We could also virtually extend the clause with literals using watchlists/stamps/impl. cache and then try to subsume that virtual clause. I forgot what 3-letter acronym Biere et al. gave to this method (it’s one of the 12 on slide 25 here), but, except for the acronym, this idea is pretty simple. You take a binary clause, e.g. xV~y, and if x is in the newly created clause, but y and ~y is not, you add y to the clause. The clause is now bigger, so has a larger chance to be subsumed. You now perform forward subsumption as above, but with the extended clause. Also, take care not to subsume clauses with themselves, which, as you might imagine, can get hairy.

If all of this sounds a bit intricate, this is not even the difficult part. The difficult part is keeping track of time. Where of course by time I don’t actually mean seconds — I mean computation steps that you have to define one way or another and increment counters and set limits. Remember: all this has to be deterministic.

Doing all of the above with a small but complicated instance is super-fast, under 0.001s.
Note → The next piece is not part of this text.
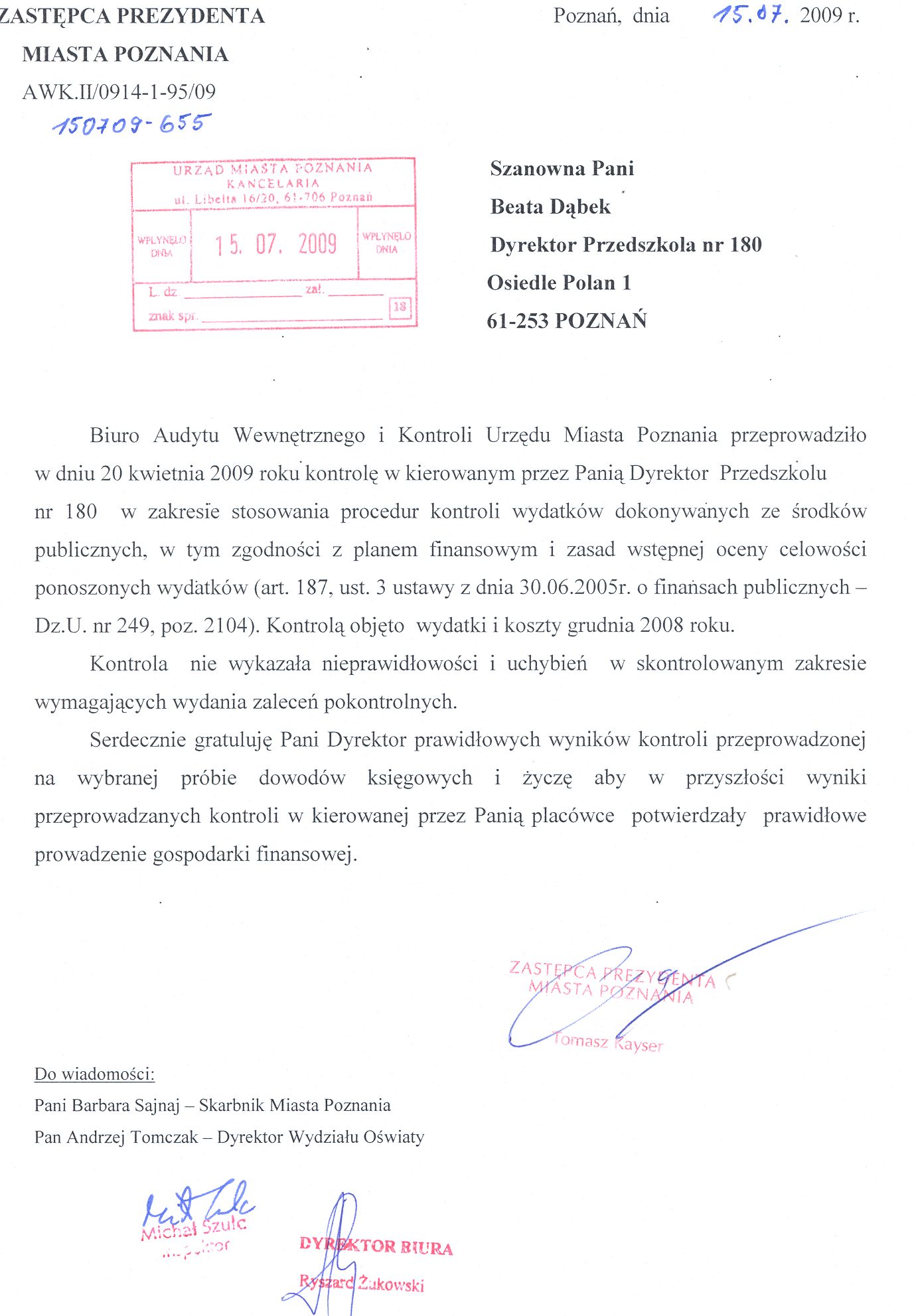 Informacja pobrana do BIP automatycznie z elektronicznego systemu zarządzania dokumentacją Urzędu Miasta Poznania.

With a weird instance where one single literal may occur in more than a million clauses, it can be very-very expensive even for one single try — over 100s. That’s about 5 orders of magnitude of difference. So, you have to be careful. The resolution we cannot skip, but we can abort it (and indicate it up in the call tree). Some of the others we can abort, but then the whole resolution has to be re-started. Some of the above is not critical at all, so you have to use a different time-limit for some, and mark them as too expensive, so at least the basic things get done. This gets complicated, because e.g. forward-subsumption you might want to re-use at other parts of the solver so you have to use a time-limit that isn’t global.

Adding the newly resolved clauses

Adding clauses is simple: we create and link them in. However, we can do more. Since backward-subsumption is fast, we can do that with the newly created clauses. Note that this means the newly created clause could subsume some of the original clauses it was created from — which means the resolvents should be pre-generated and kept in memory.
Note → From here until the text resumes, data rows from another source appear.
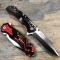 Longueur fermé 11,43cm. Longueur de lame 8,89cm. Système à ouverture assistée. Ouverture d'une main avec le thumb & le flipper. Plaquettes du manche en aluminium rouge. Dessin de scorpion. Fonction brise vitres & cutter. Lame en acier inox partiellement serrated finition 2 tons. Clip de poche.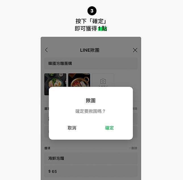 3. ▼ 若該群組使用過揪團,點擊揪團列表畫面右下方的「+」即可建立新的團購資訊。點擊「確定揪團」,並按下「確定」送出開團訊息,團長即可獲得 LINE POINTS 1點,活動期間最多可參與一次(單日限額1萬點,總限額5萬點)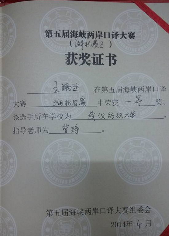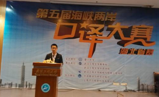 近日,从第五届海峡两岸口译大赛组委会传出好消息。4月26日,在武汉工程大学流芳校区举行的第五届海峡两岸口译大赛湖北赛区决赛中,我校英语11101班王鹏远同学荣获一等奖,并顺利晋级于将于5月11日在华中科技大学主办的第五届海峡两岸口译大赛华中区决赛。王鹏远同学在外语皇冠体体育官网专业员工曹婷的精心指导下经过“主旨口译”和“会议口译”两个环节的角逐,成功胜出。此次大赛共有来自武汉大学、华中科技大学、中南财经政法大学等28所高校的28名选手参赛,其中还有研究生选手,众多高手汇聚一堂进行晋级华中区赛的激烈角逐。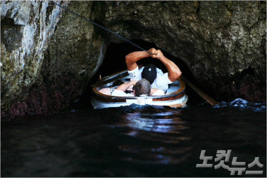 푸른 동굴 입구는 굉장히 작기 때문에 뱃사공이 노를 젓는 작은배로 옮겨 타야만 하다.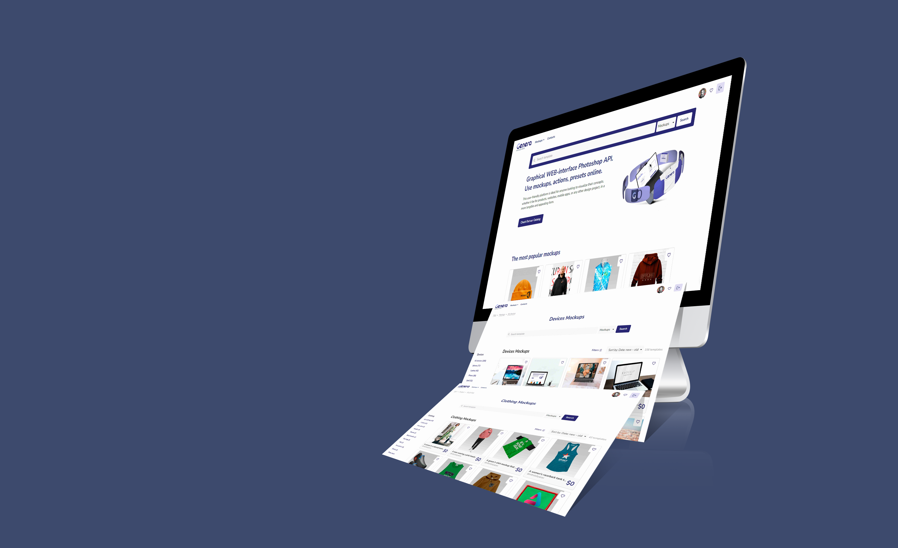 The mockup image features a sleek, modern desktop computer set against a solid, dark blue background. The screen displays a website homepage, cascading downward, showcasing various product thumbnails and interface areas, creating a flowing effect. This mockup is perfect for advertising website designs, online shops, or digital portfolios. Use our mockup generator to effortlessly create stunning visuals and share your custom designs on social media to boost engagement and visibility. Start designing now and make your online presence shine!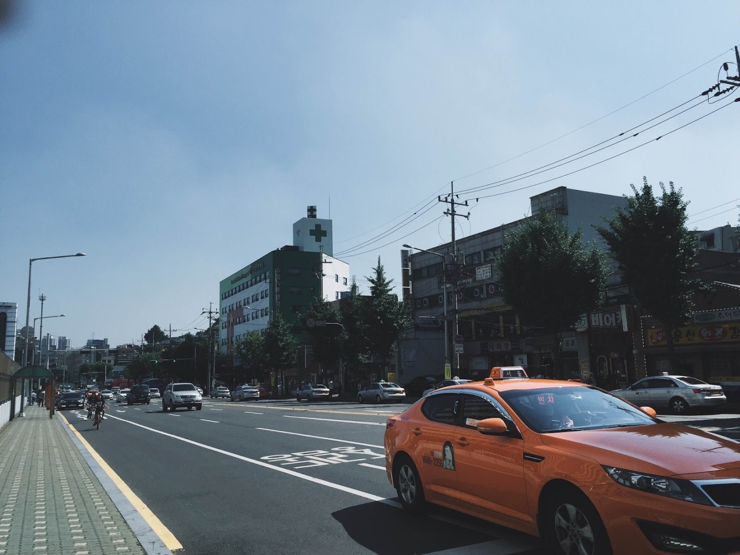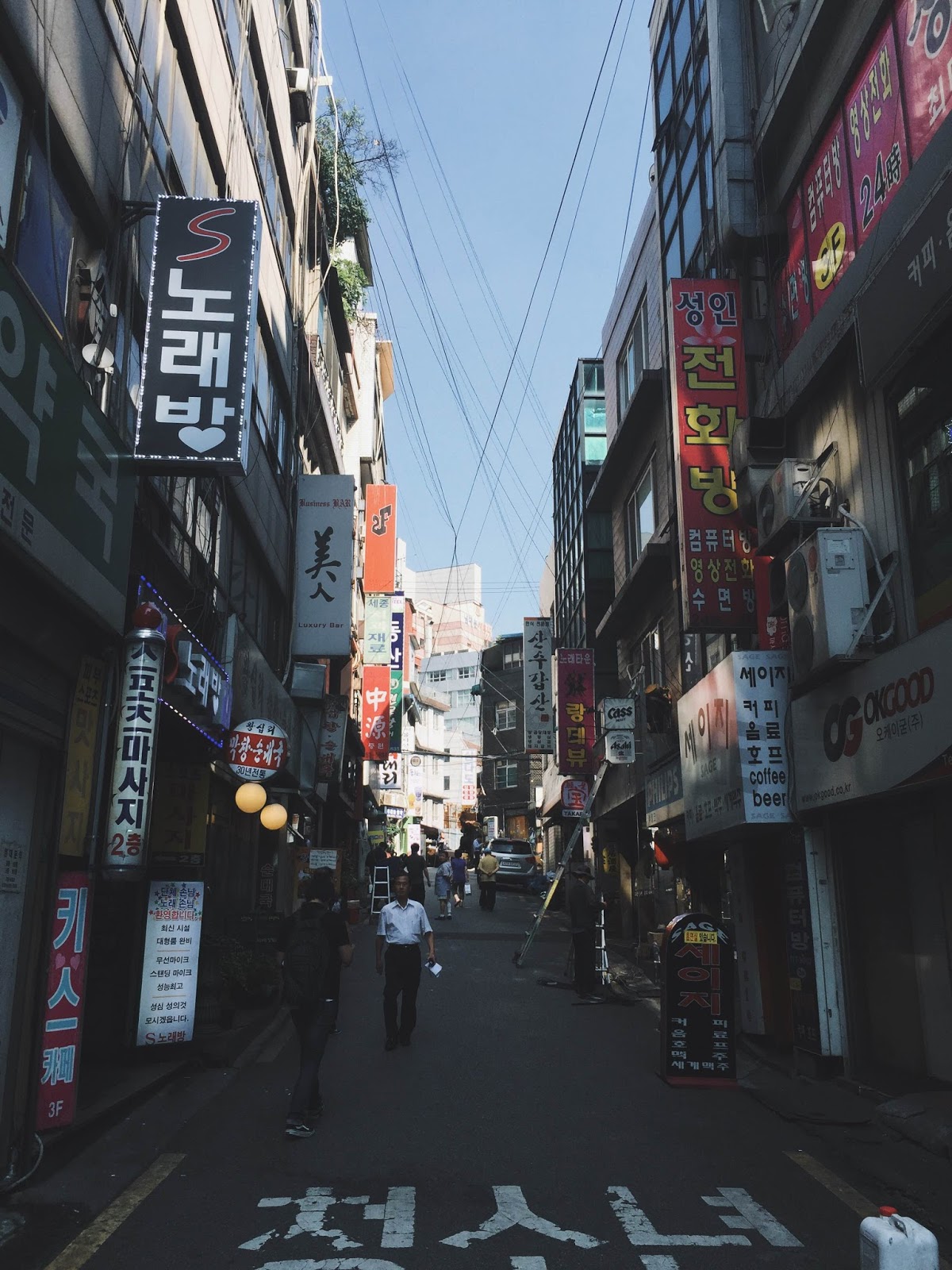 韓國的天氣雖然是夏季,但乾爽得讓人心情大好。長時間步行也不太會出汗,和香港那種濕黏難耐的悶熱感完全不同,讓我超愛這種氣候。民宿附近就是南大門市場,聽說什麼都有賣,而且價格便宜。不過我們當天只是經過,因為這趟旅行重點不是購物,是吃。

Another thing: since we know the new clause needs to be added, we might as well shorten it before in any way we can. At this point, we can make use of all the watchlists, stamps and implication cache we have to shorten the new clause: there are no problems with self-dependencies. It will pay off. However, note that shortening the clause before adding it means that we will have to reverse-shorten it later, when this clause might be part of a group of clauses that is touched by a new variable elimination round. So, we are working against ourselves in a way — especially because reverse shortening is pretty expensive and hairy as explained above.

Although this is obvious, but we still have to take care of time-outs. For example, if resolution took so much time that we are already out of time, we must exit asap and not worry about the resolvents. Don’t link, don’t remove, just exit. Time is of essence.
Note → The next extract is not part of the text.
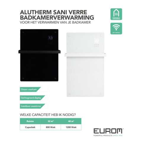 Eurom Alutherm Radiateur convecteur - 81.5x43.8cm - IP24 - 1200watt - wifi - sol/mur - Vertical - métal/verre noir mat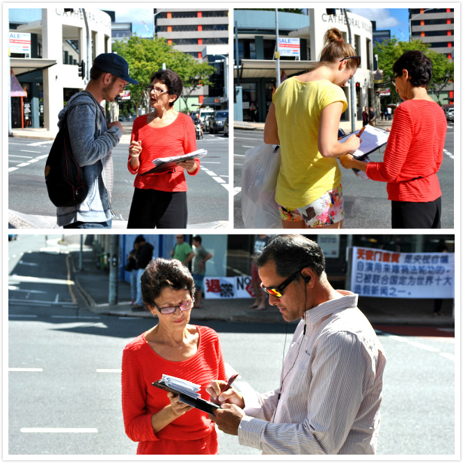 葛瑞斯说:“我在这里得以给路人更深入地讲解关于法轮功被迫害、被活摘器官的真相。许多人听后感到非常骇然。有些人质问:人怎么可以为了得到他人的器官而杀害他人。”许多路人听了真相后都表示一定会更关注此事,并进一步去了解法轮功。

Removing the original clauses

Easy, just unlink them from the occurrence lists. I mean, easy if you don’t care about time, of course. Because unlinking is an O(N^2) operation if you have N clauses and all of them contain the same literal X — the N-long occurrence list of literal X has to be read and updated N times. So, we don’t do this.

First of all, a special case: the two occurrence lists of the variable we are removing can simply be .clear()-ed. It’s no longer needed. Secondly, we shouldn’t unlink clauses one-by-one. Instead, we should mark the clause as removed, and then not care about the clause later. Once variable elimination is finished, we do a sweep of all the occurrence lists and clauses and remove the clauses that have been marked. This means that e.g. forward and backward subsumption gets more hairy (we shouldn’t subsume with a clause that’s been marked as removed but is still in the occurrence list) but that O(N^2) becomes O(N) which for problems where N is large makes quite a bit of difference. Like, the difference of 100s vs. 10s for a the same exact thing.

The untold horrors

On top of what’s above, you might like to generate some statistics about what worked and what didn’t. You might like to dump these statistics to a database. You might like to not create resolutions that are not needed as the irreduntant clauses form an AND/ITE gate. Or multiple gates. You might like to eliminate only a subset of variables at each call so that you don’t make your system too sparse and thus reduce arc consistency. You might want to vary this limit based on the problem at hand. You might want to do many other things that are not detailed above.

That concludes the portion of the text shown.